_Records for this task_

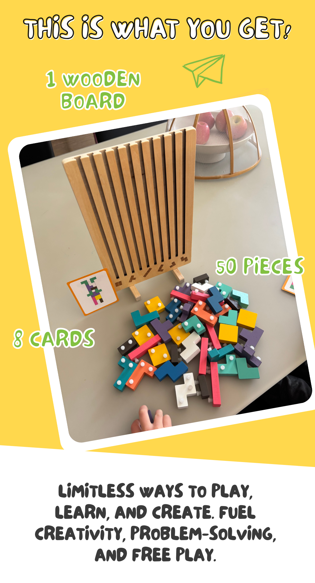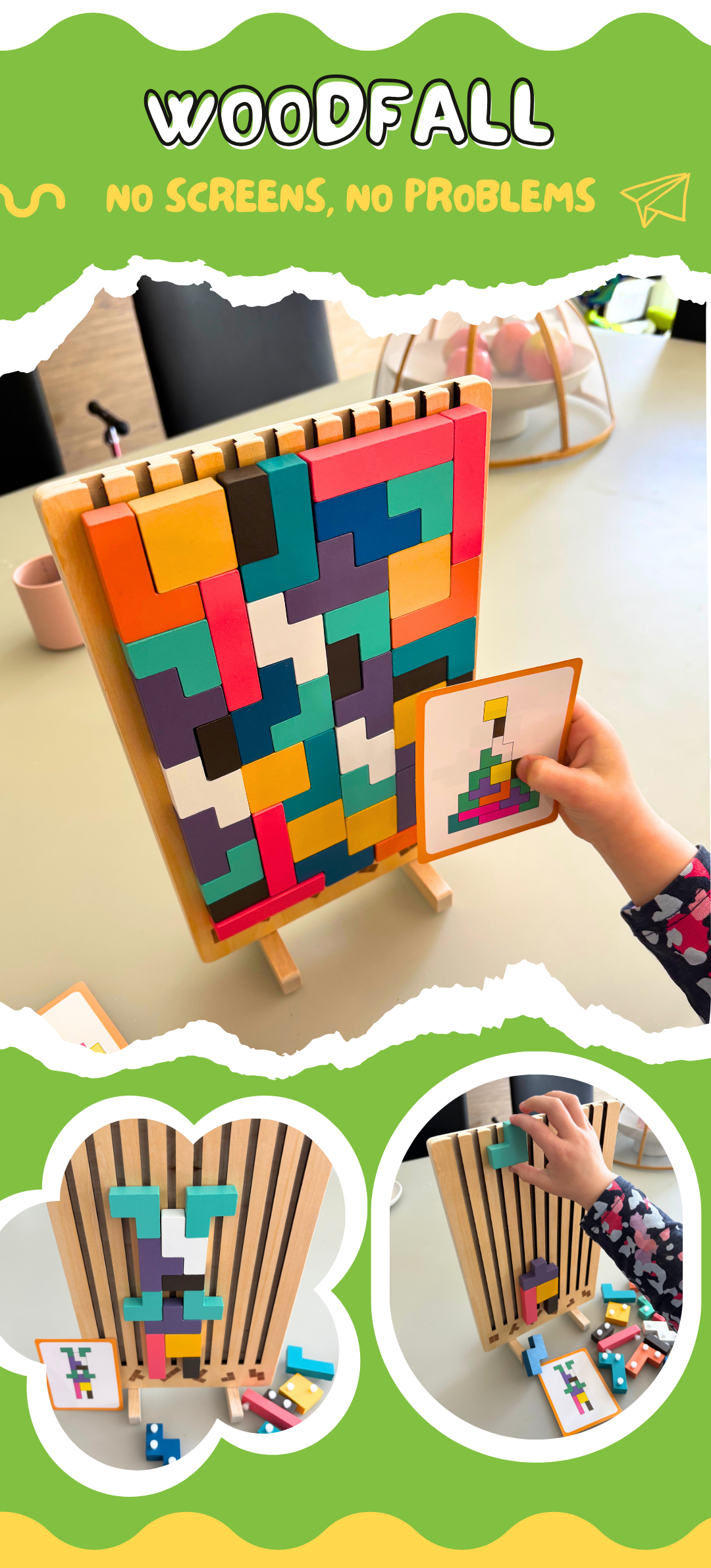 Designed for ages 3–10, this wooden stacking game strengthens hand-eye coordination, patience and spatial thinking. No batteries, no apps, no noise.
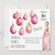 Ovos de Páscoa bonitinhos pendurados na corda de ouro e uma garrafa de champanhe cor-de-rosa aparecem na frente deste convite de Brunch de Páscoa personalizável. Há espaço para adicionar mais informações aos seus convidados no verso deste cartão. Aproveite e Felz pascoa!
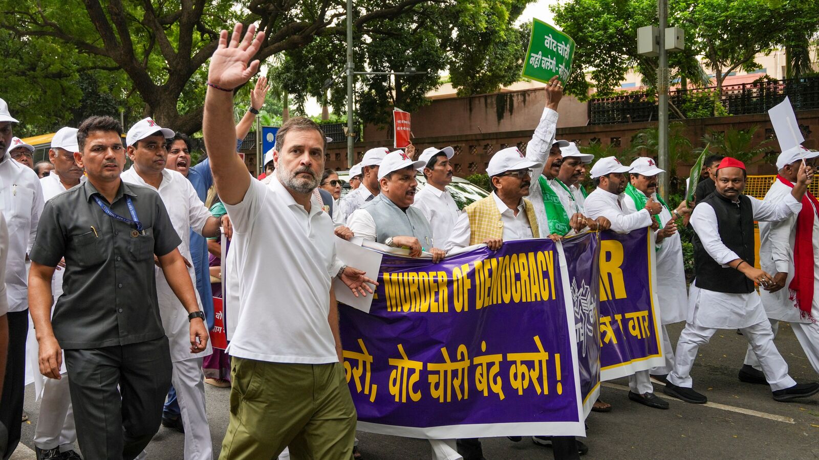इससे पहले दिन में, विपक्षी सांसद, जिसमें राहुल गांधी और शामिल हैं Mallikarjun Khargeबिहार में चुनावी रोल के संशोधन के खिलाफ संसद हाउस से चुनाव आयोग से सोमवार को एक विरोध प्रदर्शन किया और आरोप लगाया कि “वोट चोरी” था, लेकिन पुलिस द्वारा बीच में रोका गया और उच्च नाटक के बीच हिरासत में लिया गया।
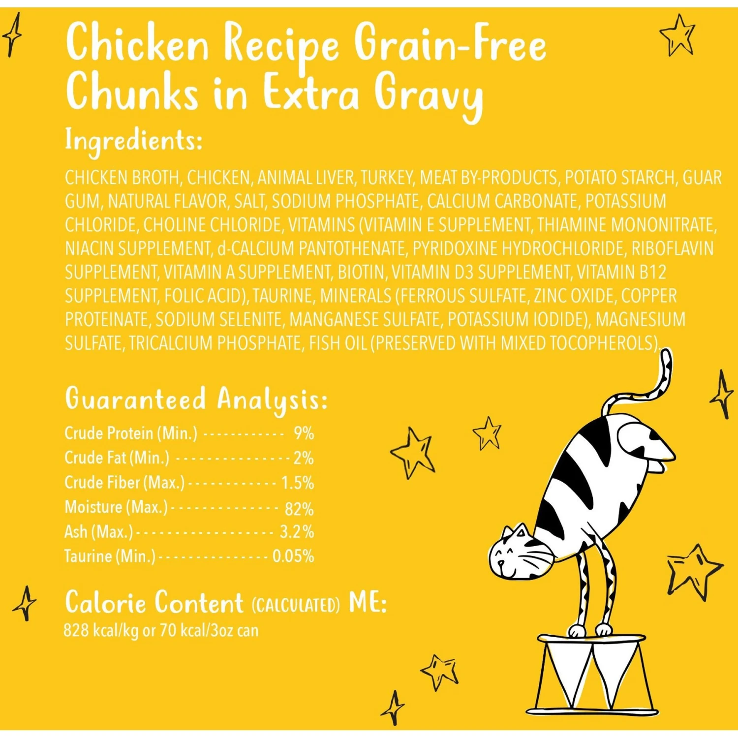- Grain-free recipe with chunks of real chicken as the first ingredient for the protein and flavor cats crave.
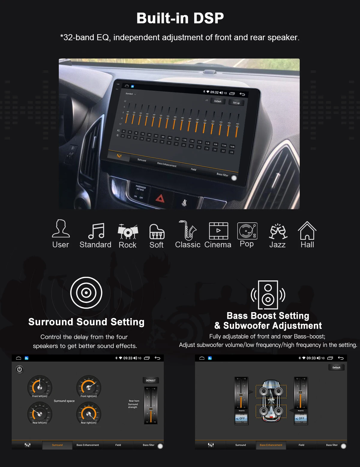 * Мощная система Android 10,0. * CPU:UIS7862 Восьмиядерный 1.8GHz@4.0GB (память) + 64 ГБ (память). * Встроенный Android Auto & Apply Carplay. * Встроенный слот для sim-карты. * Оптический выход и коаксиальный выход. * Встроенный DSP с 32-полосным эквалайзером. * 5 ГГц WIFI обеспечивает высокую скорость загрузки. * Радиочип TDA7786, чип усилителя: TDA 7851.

==

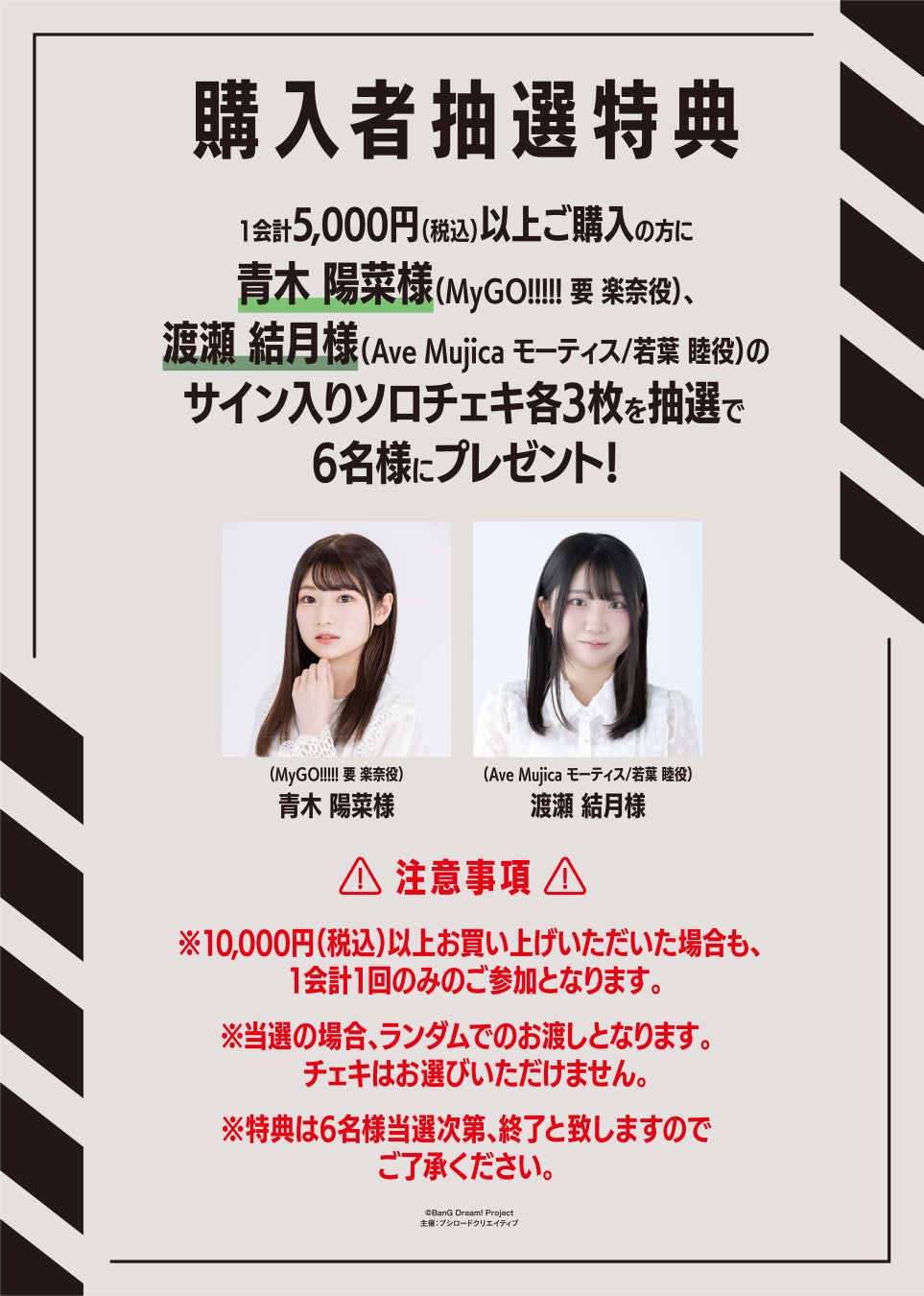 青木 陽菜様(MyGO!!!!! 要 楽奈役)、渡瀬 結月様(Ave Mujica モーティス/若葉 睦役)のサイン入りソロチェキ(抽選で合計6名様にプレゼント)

* * *

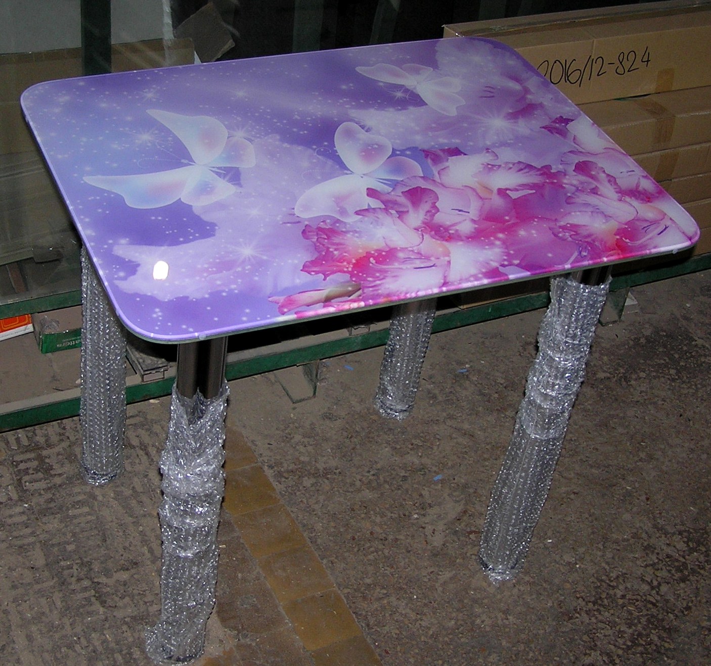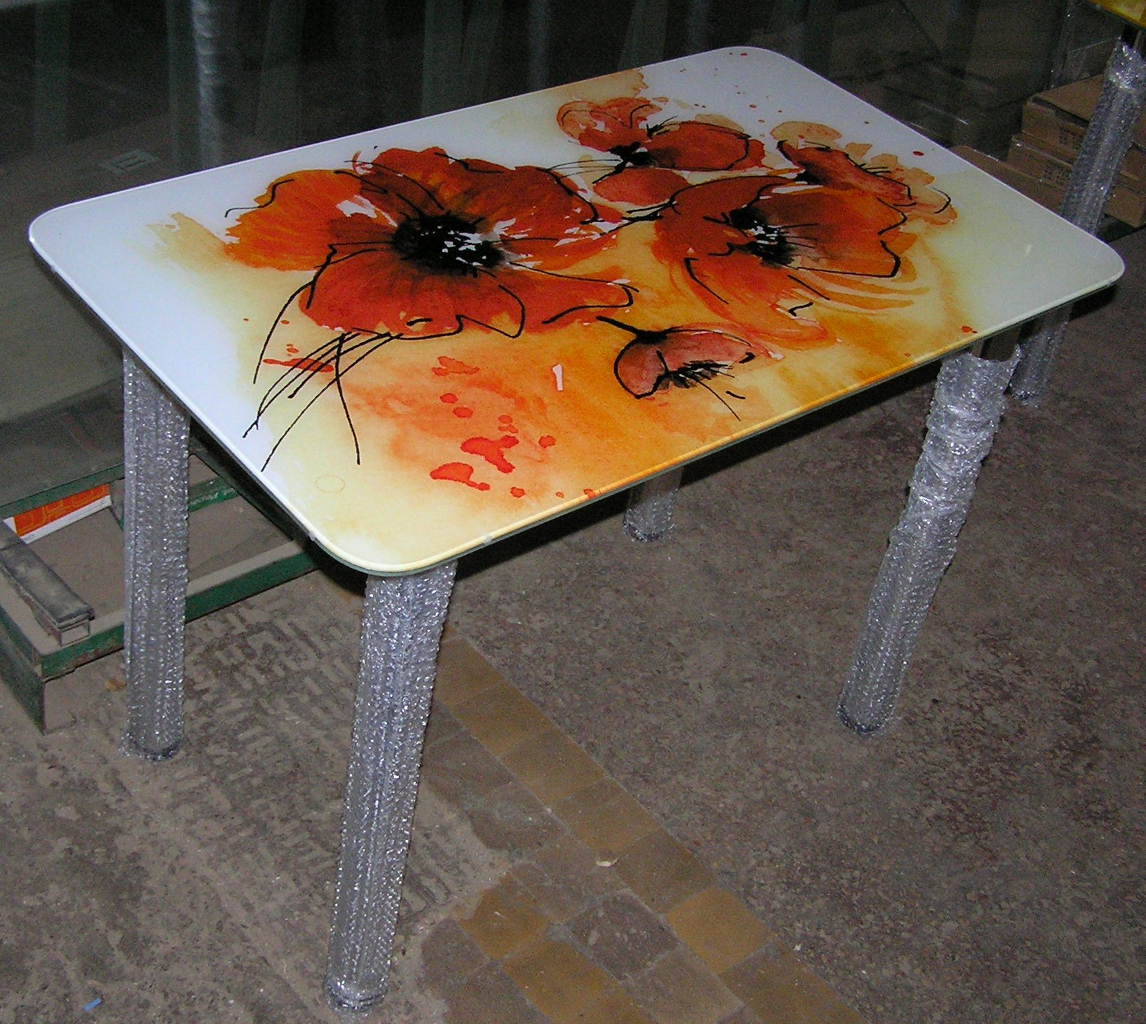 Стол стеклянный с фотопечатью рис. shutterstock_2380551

_Exercise instructions_
With the pictures omitted, copy the entries above exactly from the line containing "इससे पहले दिन" through the line containing "усилителя: TDA 7851.", both lines included.

_Answer section_
इससे पहले दिन में, विपक्षी सांसद, जिसमें राहुल गांधी और शामिल हैं Mallikarjun Khargeबिहार में चुनावी रोल के संशोधन के खिलाफ संसद हाउस से चुनाव आयोग से सोमवार को एक विरोध प्रदर्शन किया और आरोप लगाया कि “वोट चोरी” था, लेकिन पुलिस द्वारा बीच में रोका गया और उच्च नाटक के बीच हिरासत में लिया गया।
- Grain-free recipe with chunks of real chicken as the first ingredient for the protein and flavor cats crave.
 * Мощная система Android 10,0. * CPU:UIS7862 Восьмиядерный 1.8GHz@4.0GB (память) + 64 ГБ (память). * Встроенный Android Auto & Apply Carplay. * Встроенный слот для sim-карты. * Оптический выход и коаксиальный выход. * Встроенный DSP с 32-полосным эквалайзером. * 5 ГГц WIFI обеспечивает высокую скорость загрузки. * Радиочип TDA7786, чип усилителя: TDA 7851.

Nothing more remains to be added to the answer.